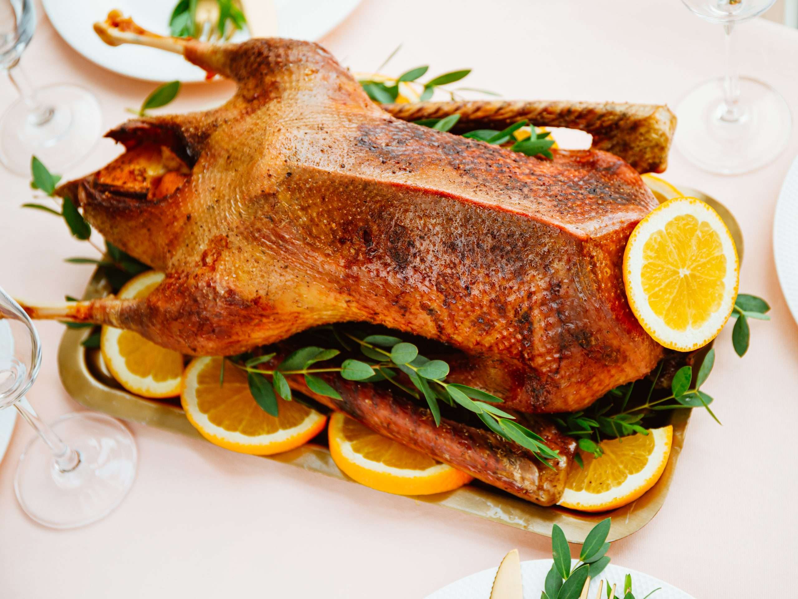 Roasted goose with oranges on a golden tray for celebrate event, Thanksgiving or Christmas family dinner.
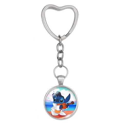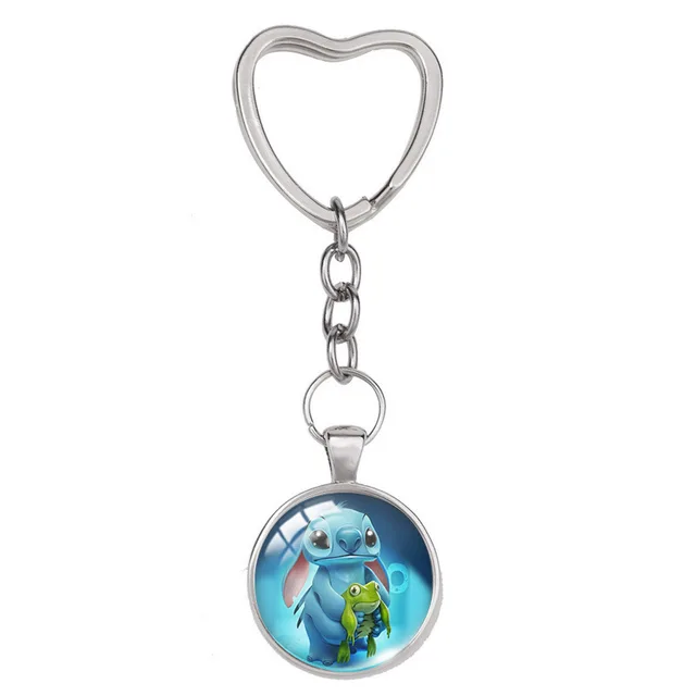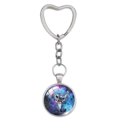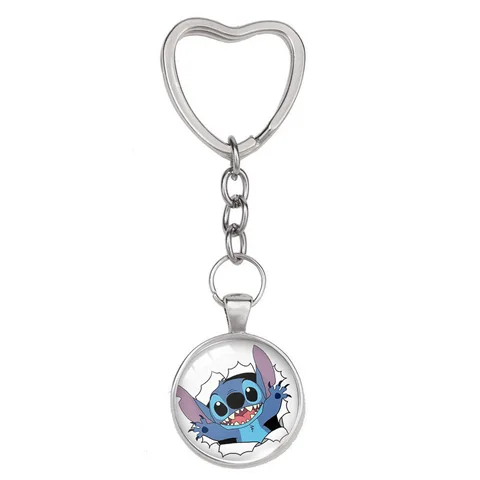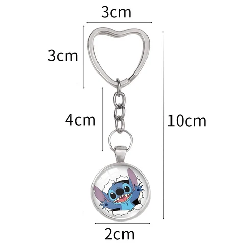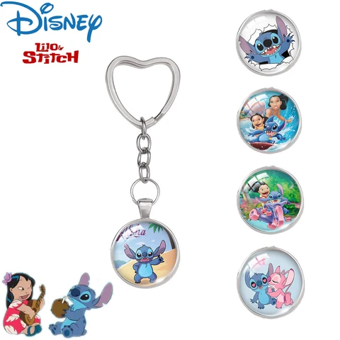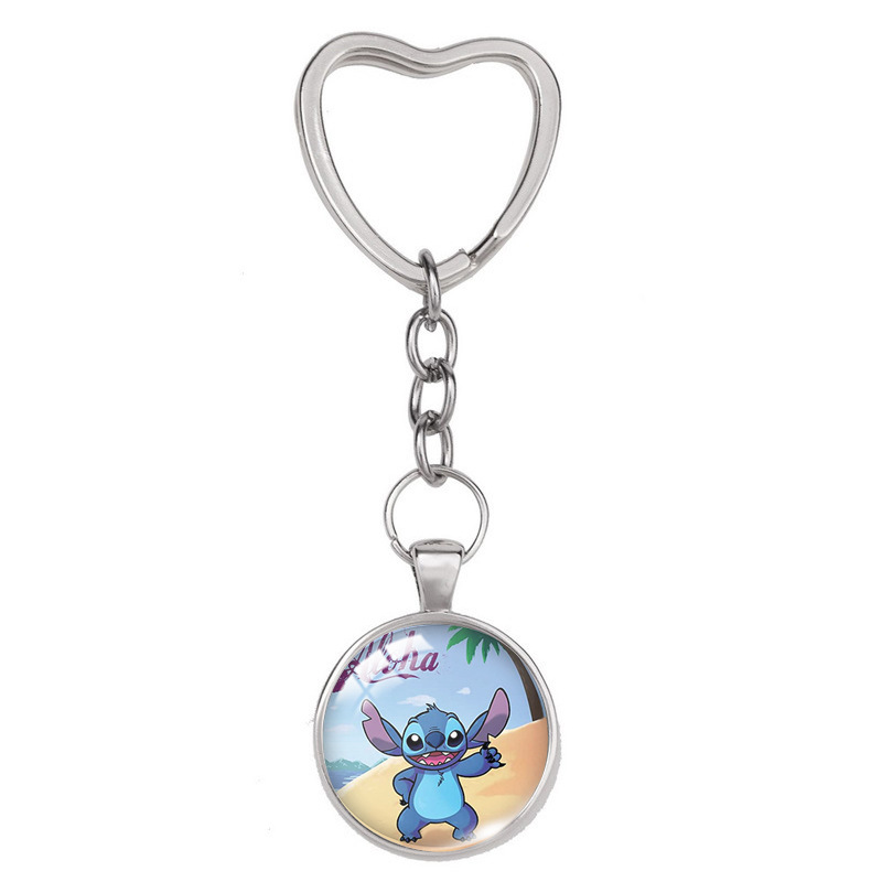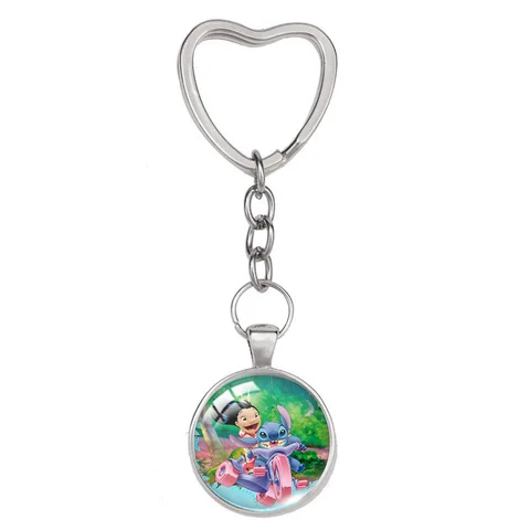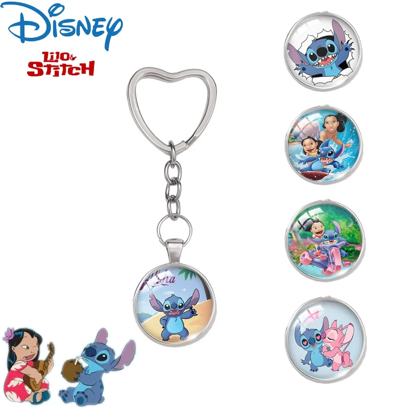 Lilo & Stitch Anime Figure Alloy Glass Heart-shaped Key Ring Key Chain Bag Accessories Children's Toys Birthday Gifts
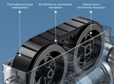 - Изкуствен интелект – Интелигентно планира почистващия път като осигурява последователно почистване на цялата повърхност, без да пропуска участъци.
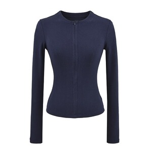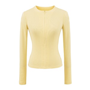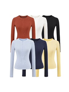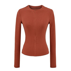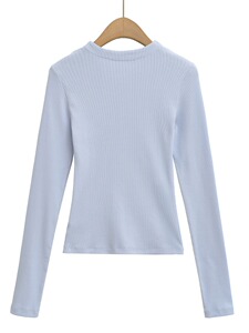 2025秋季新款纯色螺纹隐形拉链修身时尚运动长袖T恤上衣批发
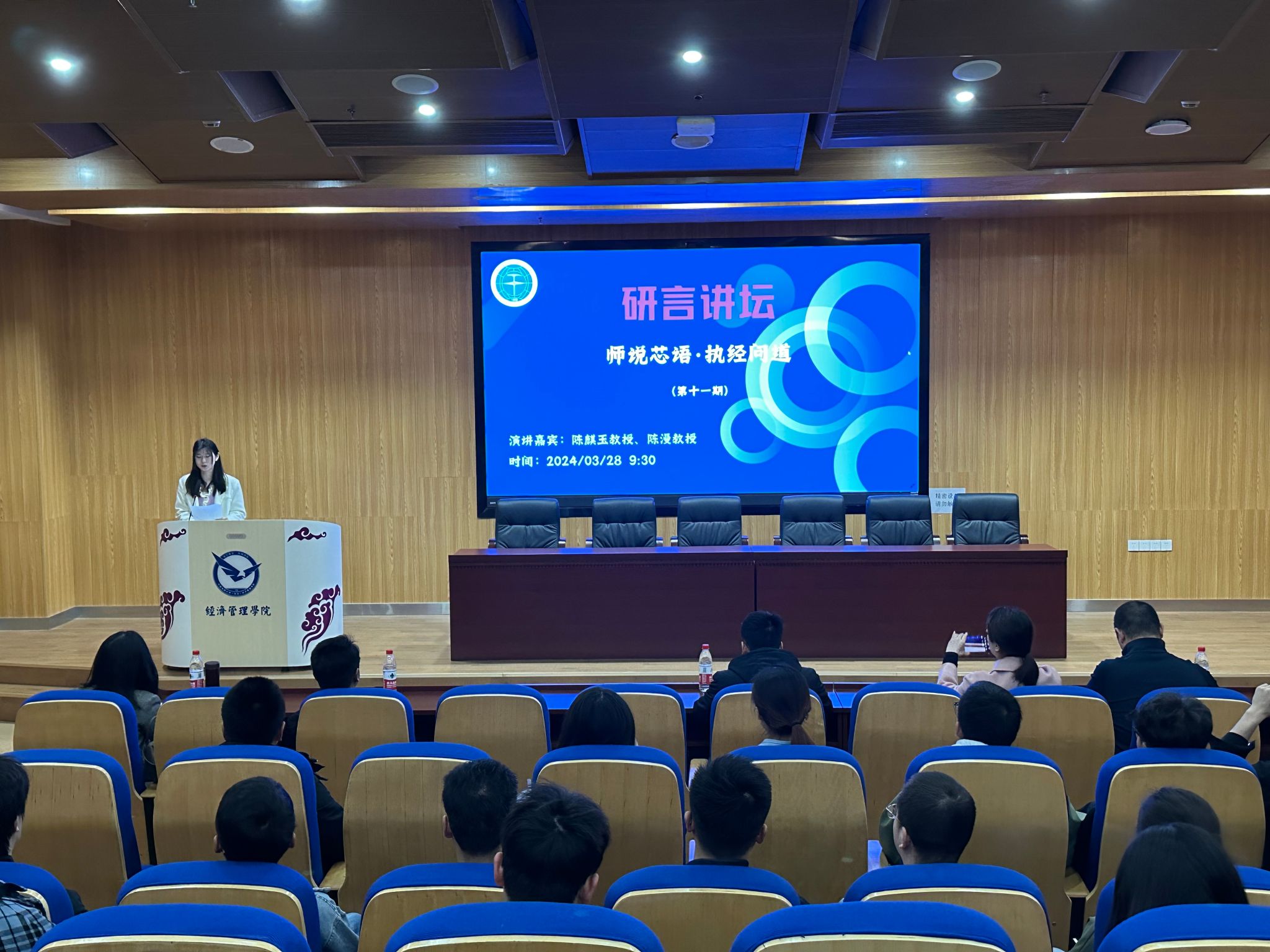 为激发研究生在跨学科研究方面的创新思维与对学术研究的热情,进一步拓宽学术视野,提升自我认知和发展规划能力,研究生院(党委研究生工作部)主办,成人av 与经济管理学院联合承办第十一期“研言讲坛”暨成人av 第三期“师说芯语”导学沙龙, 2024年3月28日在未来城校区崇信楼110报告厅举办。本次活动成人av 陈麒玉教授、经济管理学院陈漫教授为主讲嘉宾, 党委研究生工作部挂职副部长蒙冕模、成人av 党委副书记林小艳、经济管理学院党委副书记李纪亮,两学院100余名研究生参加。
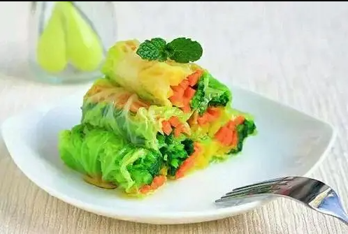 3、攤開(kāi)一(yī)張白(bái)菜葉,将胡蘿蔔絲、菠菜絲、黃椒絲各放(fàng)上一(yī)些,卷起
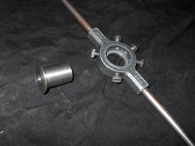 Wenn man sich aus 6mm Rundmaterial so was biegt, ist das kein Problem. Nur dann ein sauberes langes Gewinde mit dem Schneideisen drauf machen, da läuft das Gewinde schnell zu Seite weg. Um das zu verhindern, hab ich mir eine Buchse für den Schneideisenhalter gedreht. Damit geht das dann problemlos, bekommt man aber auch im Werkzeughandel solche Buchsen.
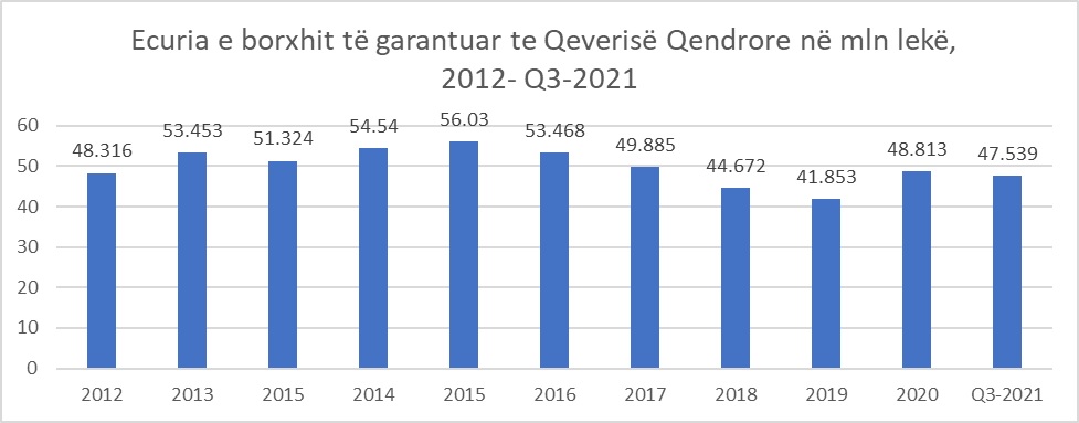 Vlera totale e borxhit të garantuar arriti 47 miliardë lekë në fund të tremujorit të tretë 2020, duke zënë 3.7 për qind të totalit të borxhit publik.

> Action item: Could you repeat the entries word for word, skipping the pictures they contain?

> Solution:
 Roasted goose with oranges on a golden tray for celebrate event, Thanksgiving or Christmas family dinner.
 Lilo & Stitch Anime Figure Alloy Glass Heart-shaped Key Ring Key Chain Bag Accessories Children's Toys Birthday Gifts
 - Изкуствен интелект – Интелигентно планира почистващия път като осигурява последователно почистване на цялата повърхност, без да пропуска участъци.
 2025秋季新款纯色螺纹隐形拉链修身时尚运动长袖T恤上衣批发
 为激发研究生在跨学科研究方面的创新思维与对学术研究的热情,进一步拓宽学术视野,提升自我认知和发展规划能力,研究生院(党委研究生工作部)主办,成人av 与经济管理学院联合承办第十一期“研言讲坛”暨成人av 第三期“师说芯语”导学沙龙, 2024年3月28日在未来城校区崇信楼110报告厅举办。本次活动成人av 陈麒玉教授、经济管理学院陈漫教授为主讲嘉宾, 党委研究生工作部挂职副部长蒙冕模、成人av 党委副书记林小艳、经济管理学院党委副书记李纪亮,两学院100余名研究生参加。
 3、攤開(kāi)一(yī)張白(bái)菜葉,将胡蘿蔔絲、菠菜絲、黃椒絲各放(fàng)上一(yī)些,卷起
 Wenn man sich aus 6mm Rundmaterial so was biegt, ist das kein Problem. Nur dann ein sauberes langes Gewinde mit dem Schneideisen drauf machen, da läuft das Gewinde schnell zu Seite weg. Um das zu verhindern, hab ich mir eine Buchse für den Schneideisenhalter gedreht. Damit geht das dann problemlos, bekommt man aber auch im Werkzeughandel solche Buchsen.
 Vlera totale e borxhit të garantuar arriti 47 miliardë lekë në fund të tremujorit të tretë 2020, duke zënë 3.7 për qind të totalit të borxhit publik.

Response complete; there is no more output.